Impact Evaluation of Mandatory-Random Student Drug Testing
Supporting Statement for Request for OMB Approval of Data Collection Part B
Contract No: ED-04-CO-0041/0006
Prepared for
U.S. Department of Education
IES/NCEE
555 New Jersey Avenue, NW, Room 502C
Washington DC 20208
Prepared by
RMC Research Corporation
111 SW Columbia Street, Suite 1200
Portland, OR 97201
Mathematica Policy Research, Inc.
P.O. Box 2393
Princeton, NJ 08543-2393
COSMOS Corporation
3 Bethesda Metro Center, Suite 950
Bethesda, MD 20814
February 2, 2007
Impact
Evaluation of Mandatory-Random 
Student Drug Testing
Supporting
Statement for Request for 
OMB Approval of Data Collection
Prepared for
Paul Strasberg
U.S. Department of Education
IES/NCEE
555 New Jersey Avenue, NW, Room 502C
Washington DC 20208
Prepared by
Eric L. Einspruch
Kelly J. Vander Ley
RMC Research Corporation
Susanne James-Burdumy
John Deke
Kevin Booker
Mathematica Policy Research, Inc.
Jennifer Scherer
COSMOS Corporation
February 2, 2007
Contents
B. Collection of Information Employing Statistical Methods 1
1. Respondent Universe and Sampling Procedures 1
2. Statistical Methods for Sample Selection and Degree of Accuracy Needed 2
	3.	Methods
	to Maximize Response Rates and Deal With Issues of 
Nonresponse	8
4. Test of Procedures and Methods to be Undertaken 9
5. Individuals Consulted on Statistical Aspects of the Design 9
Appendices are attached as
separate documents.
Appendix A	Active Consent
Appendix
B	Student Survey
Appendix C	Schoolwide Records Collections
Form
Appendix D	School-Level Drug Testing Collection Form
Appendix E	Staff Interview Topical Question Guide
Exhibit 5 Minimum Detectable Effect on Drug Use by Subgroup 5
Exhibit 6 Minimum Detectable Effect on Drug Use for the Contamination Analysis 8
Below, we describe the respondent universe and sampling procedures for the impact study. We then describe these aspects of the study for the study of contamination.
The impact study will include all grantees and schools that are recipients of OSDFS grants for Mandatory Random Student Drug Testing in Fiscal Year 2006. There will be no sampling of grantees or of schools within grantees. Therefore, the study will be representative of the types of grantees that apply for OSDFS grants. The study sample is not designed to represent schools that would use MRDT without an OSDFS grant. Although schools are not sampled, students within schools will be selected using stratified random sampling.

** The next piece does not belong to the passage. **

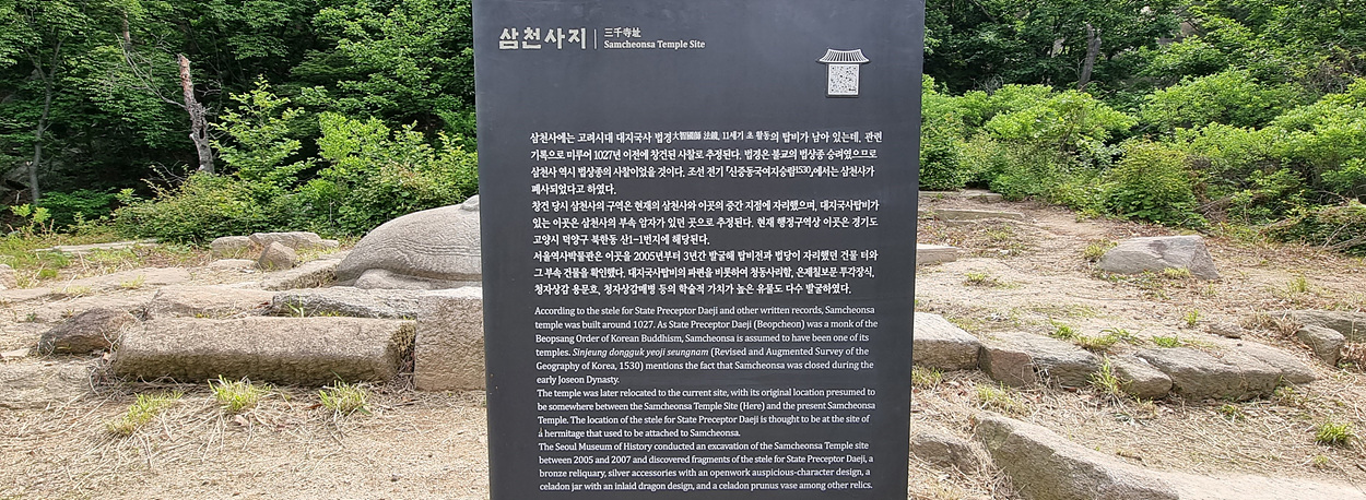 의상능선 증취봉(甑炊峰) 서쪽자락에 넒게 자리했던 삼천사는 고려때 창건된
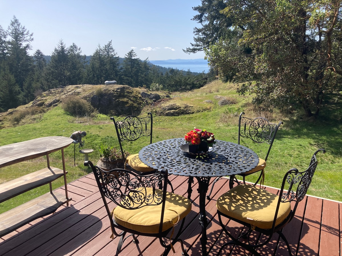 Haro Haiku - West side of beautiful San Juan Island The house is nestled just below the ridge line with 180 degree views, framed by the Olympic mountains, the Salish Sea, the Straits of Juan de Fuca beyond, and Haro Straits immediately below. Sunrises, sunsets, ship and boat traffic, the lights of Victoria, the Olympic Peninsula, clear starry nights, cloud formations, combined with the sound of whales and surf below. It never fails to inspire and delight.………truly awesome!! SJC Permit #05CU11.

Based on initial enrollment and activity participation rates provided by grantees in their applications, we estimate that each high school included in the study will have an average of 1,190 students, of whom 33%, or 390 students, who will be subject to MRDT upon their school’s initiation of their district’s MRDT policy. The remaining 800 students in the average study school will not be subject to drug testing, although their behavior may be affected when the school adopts MRDT for the 390 students who participate in competitive school activities. Consequently, across the 45 schools included in the study, the total respondent universe will consist of approximately 53,500 students, of whom approximately 26,750 will be in treatment schools, and of whom approximately 8,800 will be subject to MRDT requirements.
The study team will use stratified (by grade) random sampling to identify the students in each school that we will approach about participating in the study (see section 2a below for details of the student sampling).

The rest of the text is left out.